### What you are asked to do
Leaving the pictures aside, write out the whole listing below exactly.

### Exercise materials
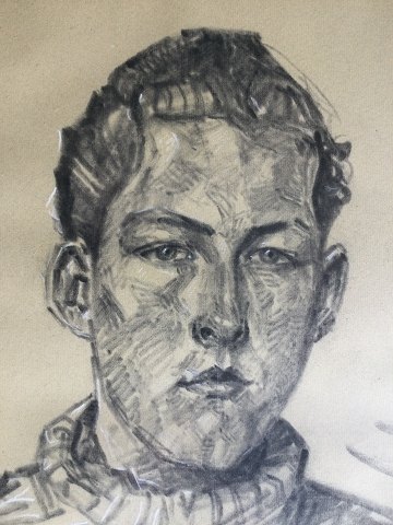 Hans Jørgen Korn (1888-1963): Portræt af smuk, ung mand 1955. Kul på papir. Sign.: Korn 55 - d. 23-4 58x42 (61x46) 21324
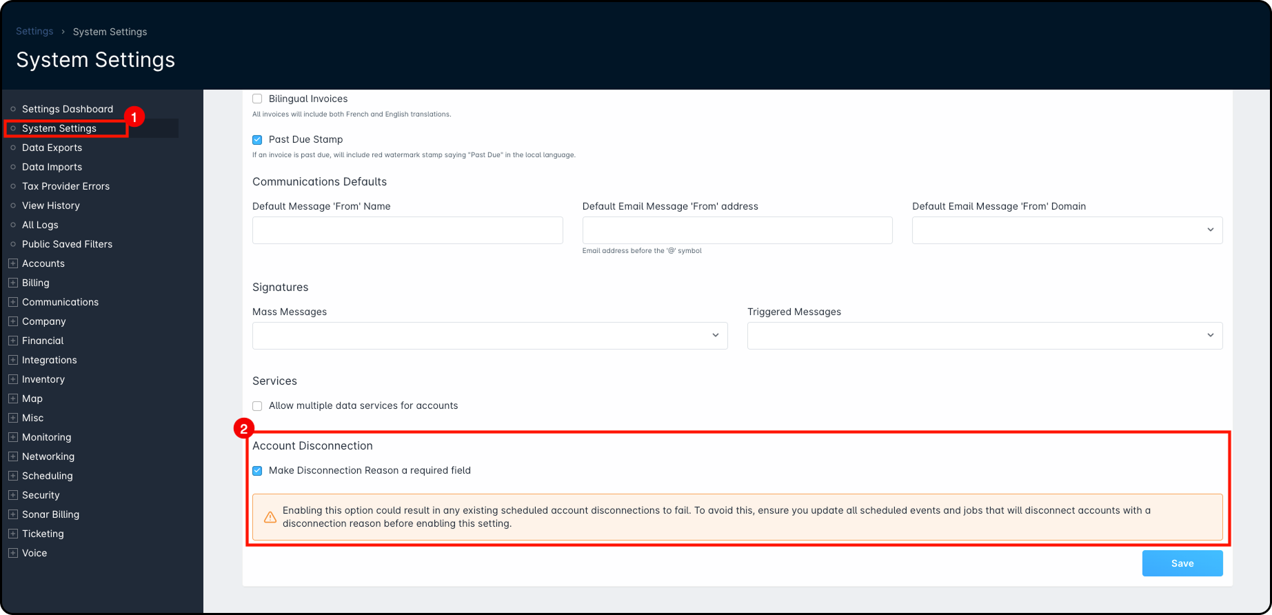 To integrate Disconnection Reasons into your workflows, navigate to Settings -> System Settings and locate the option at the bottom of the page to make the Disconnection Reason field mandatory.
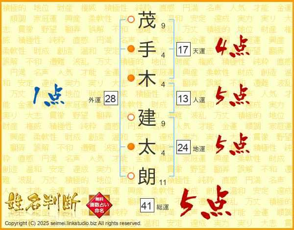 茂(9画)手(4画)木(4画) 建(9画)太(4画)朗(11画)
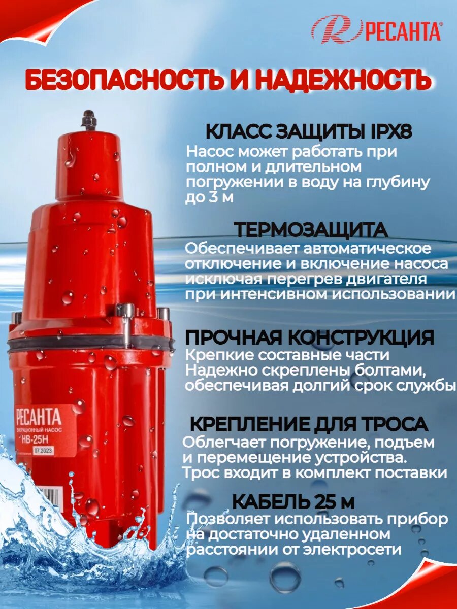 СохранитьНасос вибрационный погружной "Ресанта" 25м н/з интересное:
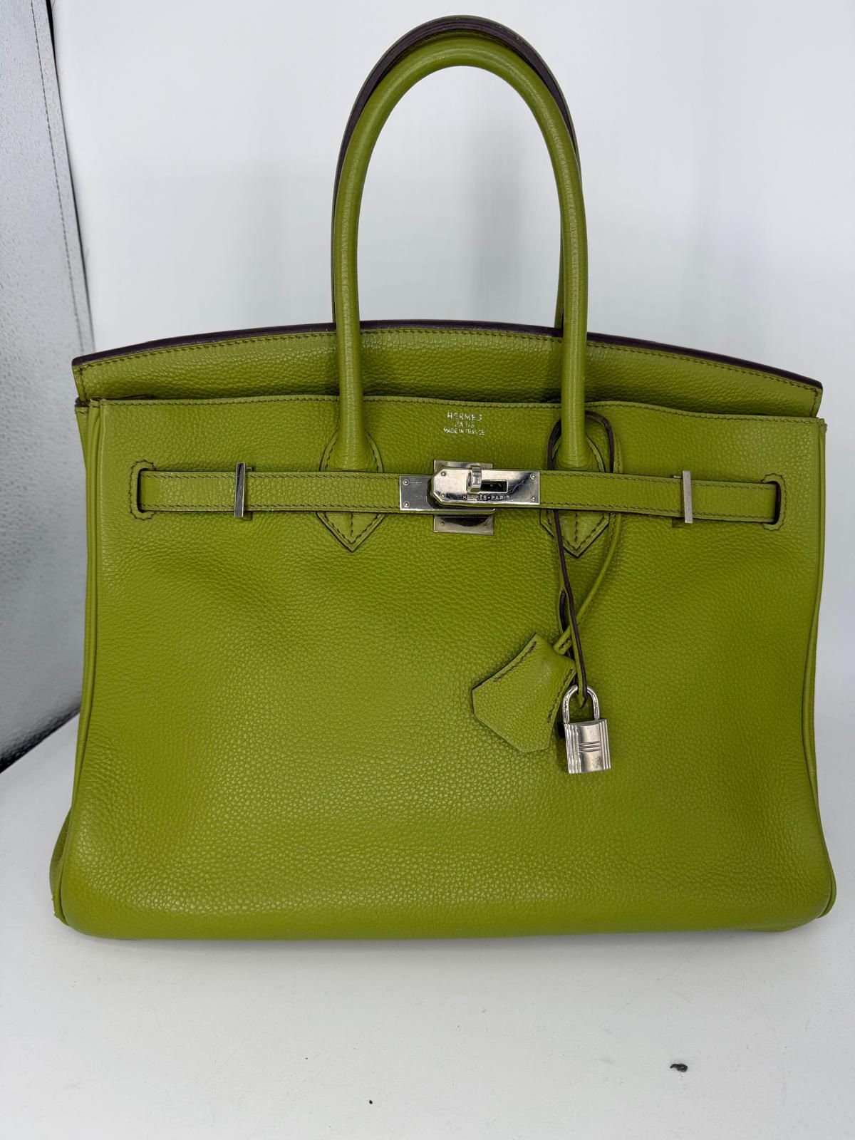 Exclusivo bolso Hermès Birkin 35 en color Verde Anis, confeccionado en cuero de alta calidad y perteneciente a la colección 2008. Cuenta con herrajes plateados e incluye llave, candado y clochette, garantizando su autenticidad y carácter icónico.
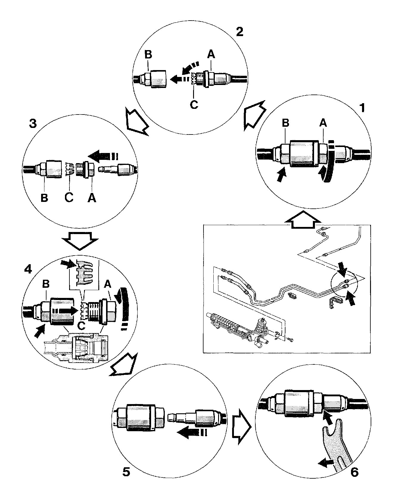 Perform preparations carefully when handling plug-in couplings - e.g. cleaning and fitting the plugs - as repairs are possible only by replacing the affected line in most cases. Only the threaded part A (with fitted O-rings) and the holder C are available as individual parts for the plug-in coupling. See illustration.
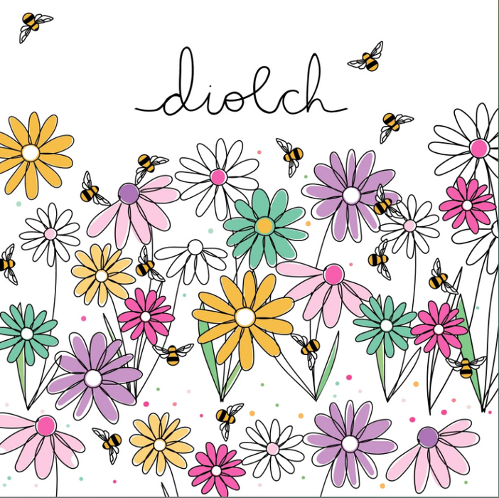 A gorgeous Welsh thank you card featuring colourful illustrations and text. Designed and made in the UK.
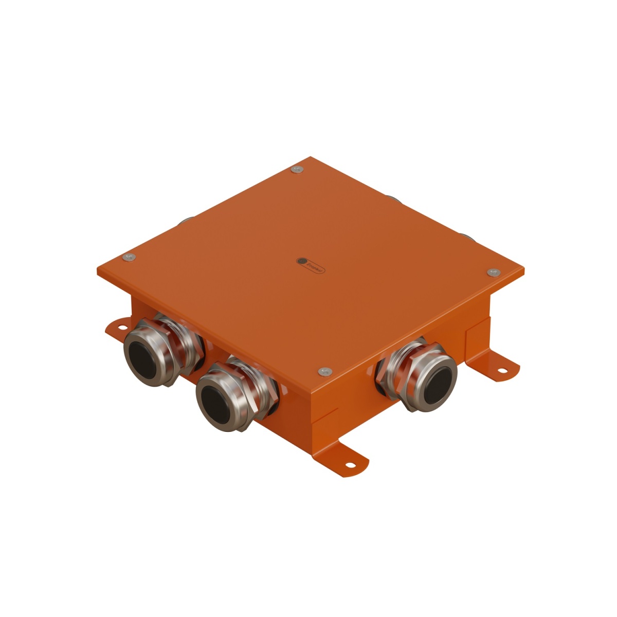 SMB165 Коробка металлическая, огн. E-110,о/п 164х164х65, 6 метал. гермоввода 18-25мм, IP66, 6P, (1,5-4 мм2), цвет оранж. Экопласт
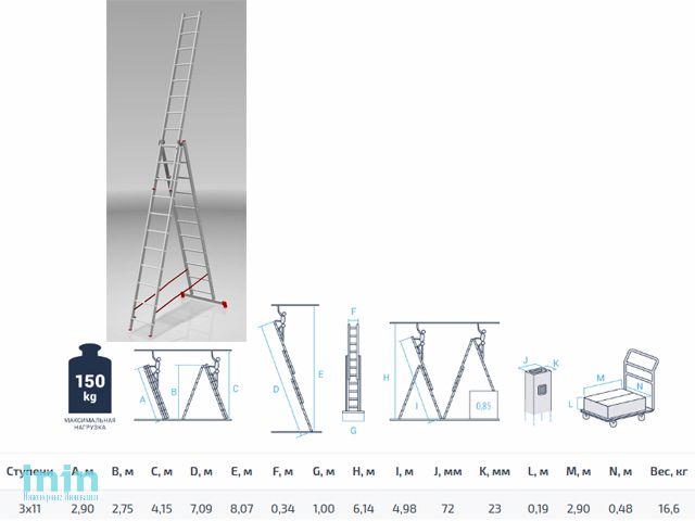 Высота лестницы - 709см, высота стремянки - 275см, высота секции - 290см.
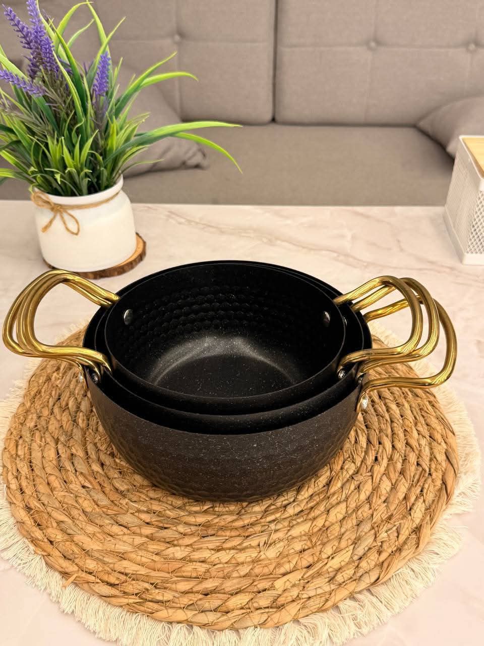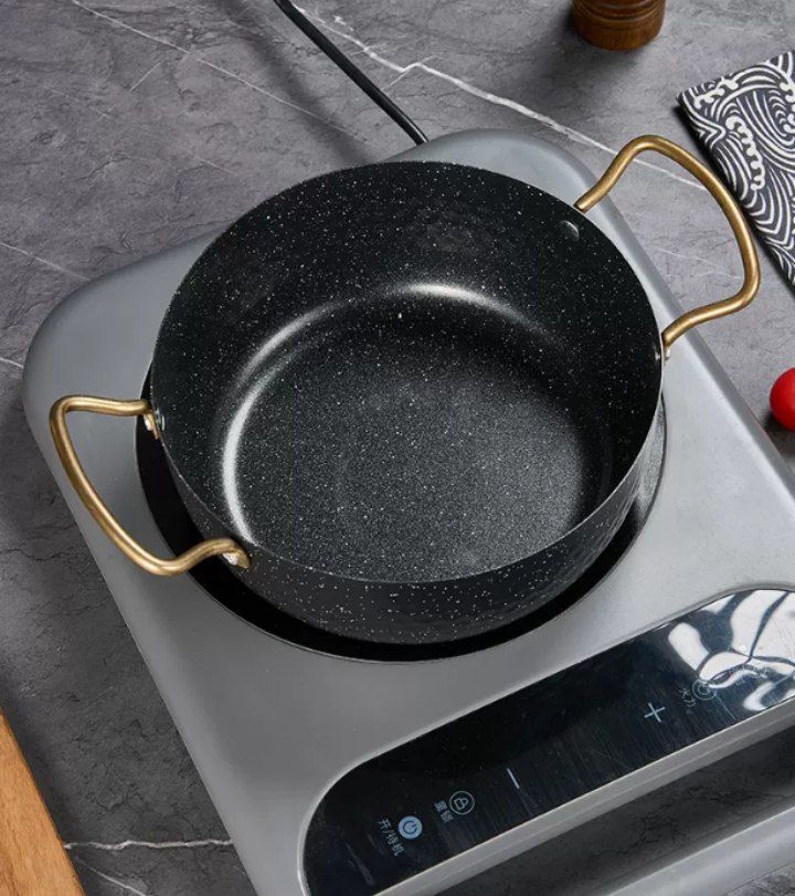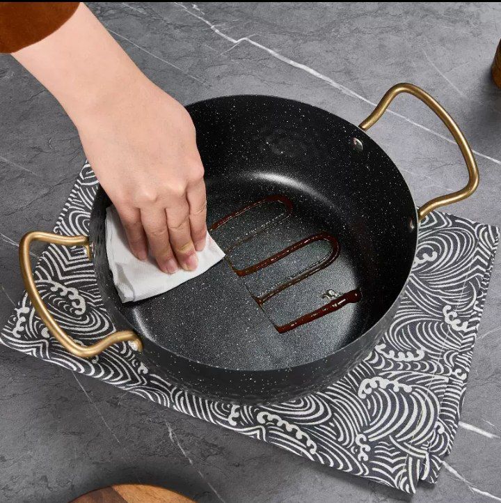 ووك أنيق مصنوع من استيل معدني مط عالي الجودة، يتميز بيد ذهبية فاخرة تمنحه مظهرًا جذابًا ومناسبًا للتقديم والاستخدام اليومي، كما يمكن استخدامه على النار مع وجود الشياطة فقط لضمان السلامة والحفاظ على جودته

### Answer space
 Hans Jørgen Korn (1888-1963): Portræt af smuk, ung mand 1955. Kul på papir. Sign.: Korn 55 - d. 23-4 58x42 (61x46) 21324
 To integrate Disconnection Reasons into your workflows, navigate to Settings -> System Settings and locate the option at the bottom of the page to make the Disconnection Reason field mandatory.
 茂(9画)手(4画)木(4画) 建(9画)太(4画)朗(11画)
 СохранитьНасос вибрационный погружной "Ресанта" 25м н/з интересное:
 Exclusivo bolso Hermès Birkin 35 en color Verde Anis, confeccionado en cuero de alta calidad y perteneciente a la colección 2008. Cuenta con herrajes plateados e incluye llave, candado y clochette, garantizando su autenticidad y carácter icónico.
 Perform preparations carefully when handling plug-in couplings - e.g. cleaning and fitting the plugs - as repairs are possible only by replacing the affected line in most cases. Only the threaded part A (with fitted O-rings) and the holder C are available as individual parts for the plug-in coupling. See illustration.
 A gorgeous Welsh thank you card featuring colourful illustrations and text. Designed and made in the UK.
 SMB165 Коробка металлическая, огн. E-110,о/п 164х164х65, 6 метал. гермоввода 18-25мм, IP66, 6P, (1,5-4 мм2), цвет оранж. Экопласт
 Высота лестницы - 709см, высота стремянки - 275см, высота секции - 290см.
 ووك أنيق مصنوع من استيل معدني مط عالي الجودة، يتميز بيد ذهبية فاخرة تمنحه مظهرًا جذابًا ومناسبًا للتقديم والاستخدام اليومي، كما يمكن استخدامه على النار مع وجود الشياطة فقط لضمان السلامة والحفاظ على جودته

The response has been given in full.